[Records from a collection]
▶

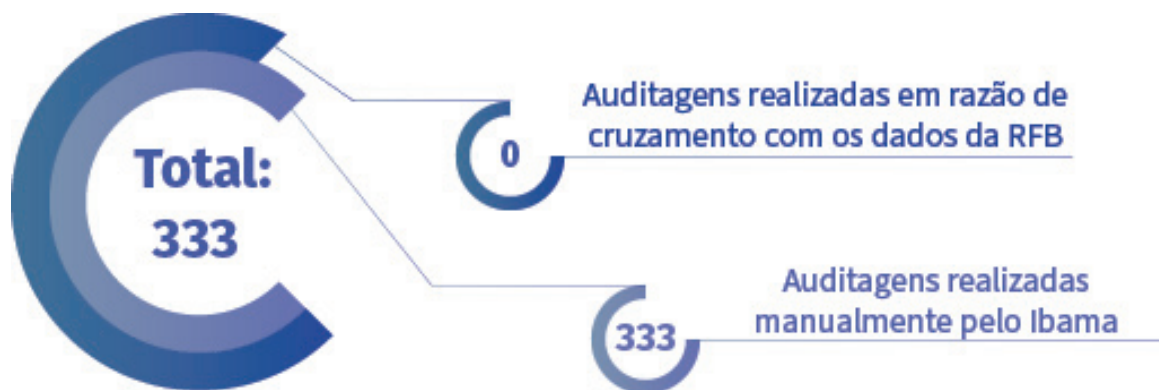
Figura 1. Total de auditorias realizadas no 1º trimestre de 2022.

No 1º trimestre de 2022, foram realizadas 333 auditorias (Figura 1) realizadas exclusivamente pelos servidores do Ibama, em processos de trabalho rotineiros de verificação de consistência de dados de inscrições.
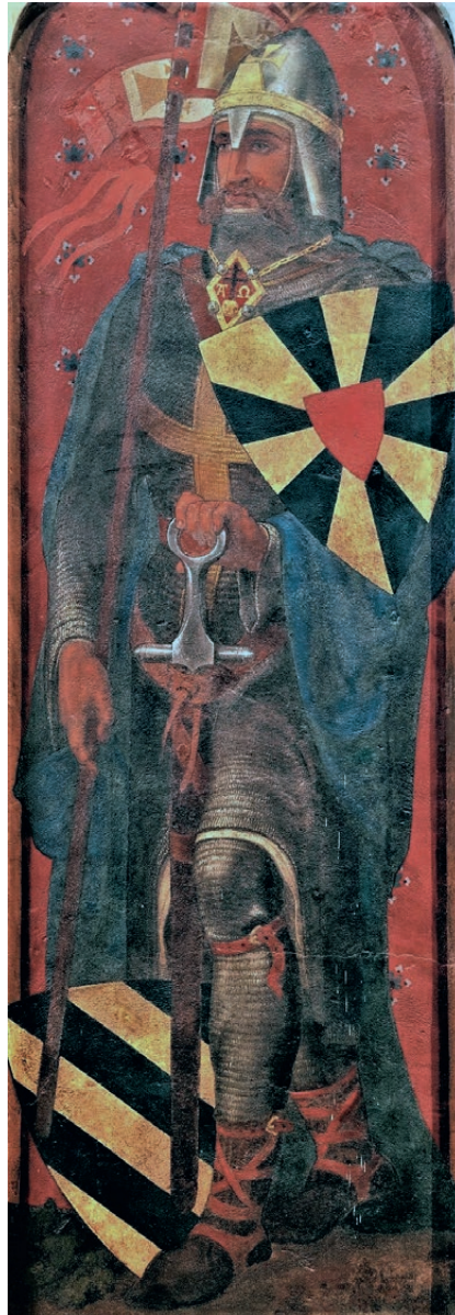
PORTRET VAN ROBRECHT II

De strijd om Arqa draaide uit op een fiasco voor de Zuid-Franse graaf, die Robrecht en Godfried zelfs ter hulp moest roepen om zijn hachje te redden. Vooral Godfried maakte zich erg boos en dwong de graaf om de belegering op te geven en zich op Jeruzalem te concentreren. Zowel Luyckx als
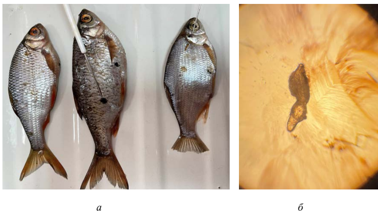
Рис. 3. Posthodiplostomum cuticola : а – пигментные пятна на поверхности кожи плотвы; б – метацеркарий в поле зрения микроскопа

В водохранилище Слободское в марте 2021 г. были выловлены и обследованы 10 экземпляров рыб (4 плотвы и 6 экземпляров густеры). У всех рыб на поверхности тела, жаберных крышек и плавниках были обнаружены единичные черные пятна. У плотвы черные пятна также были обнаружены после снятия чешуи на коже и в коже (рис. 3, а). При обследовании цист (извлечение, приготовление препаратов и микроскопия) в поле зрения микроскопа были обнаружены метацеркарии трематоды Posthodiplostomum cuticola (рис. 3, б).
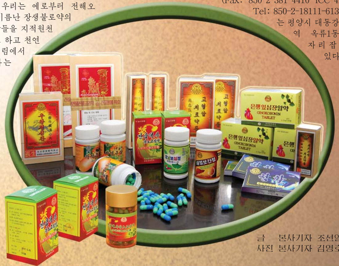
글 본사기자 조선일 사진 본사기자 김영호

을 모신 김정일화와 더불어 몽골과 조선사이의 친선관계가 더욱 두터워지리라것을 확신한다고 말하였다.
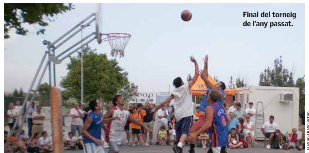
Final del torneig de l'any passat.

Per a més informació o per formalitzar la vostra inscripció en línia , podeu consultar els webs: www.elmasnoubasquetbol.com , www.elmasnoubasquetbol.cat o www.3x3.cat , o bé podeu passar per les oficines del Masnou Basquetbol al mateix Complex Esportiu Municipal, els dilluns, dimecres i divendres a partir de les 17.30 h.
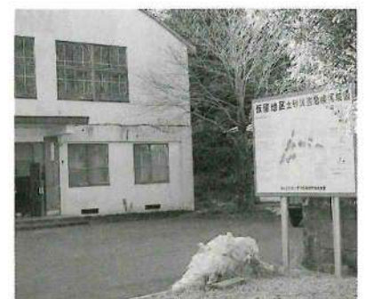
危険区域にある体育館

また、場所的に急傾斜危険地域である。なお、プール用水は水田用水を利用しているところから、家庭雑排水の入り込む危険性があること等の問題点があり、早急に検討していきたい。
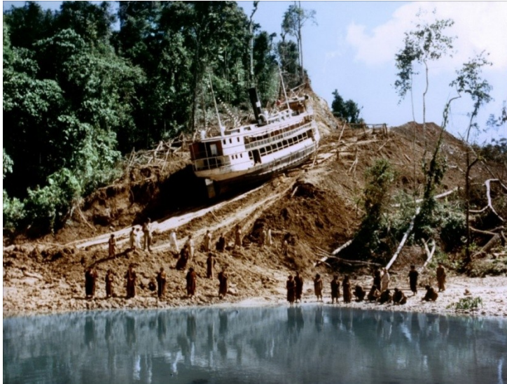
Fig. 1 A shot from Werner Herzog's Fitzcarraldo

Vielleicht kennt ja jemand den Film Fitzcarraldo von Werner Herzog. Ganz kurz: Fitzcarraldo will auf einem brasilianischen Fluss aufwärts fahren, um weit oben mit dem Schiff einen Bergrücken zu überqueren und in einen anderen Fluss zu gelangen, an dessen Flussmündung er dann ein Opernhaus
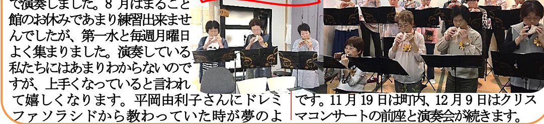
オカリナひまわり
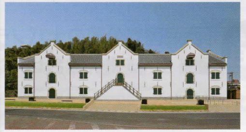
平戸オランダ商館

◀

* **WHAT THE EXERCISE ASKS**:
If a line comes after the line with "Рис. 3. Posthodiplostomum", it stays out; print exactly every line from the start of the entries up to and including that line, but no pictures.

* **SOLUTION TO THE PROBLEM**:
Figura 1. Total de auditorias realizadas no 1º trimestre de 2022.

No 1º trimestre de 2022, foram realizadas 333 auditorias (Figura 1) realizadas exclusivamente pelos servidores do Ibama, em processos de trabalho rotineiros de verificação de consistência de dados de inscrições.
PORTRET VAN ROBRECHT II

De strijd om Arqa draaide uit op een fiasco voor de Zuid-Franse graaf, die Robrecht en Godfried zelfs ter hulp moest roepen om zijn hachje te redden. Vooral Godfried maakte zich erg boos en dwong de graaf om de belegering op te geven en zich op Jeruzalem te concentreren. Zowel Luyckx als
Рис. 3. Posthodiplostomum cuticola : а – пигментные пятна на поверхности кожи плотвы; б – метацеркарий в поле зрения микроскопа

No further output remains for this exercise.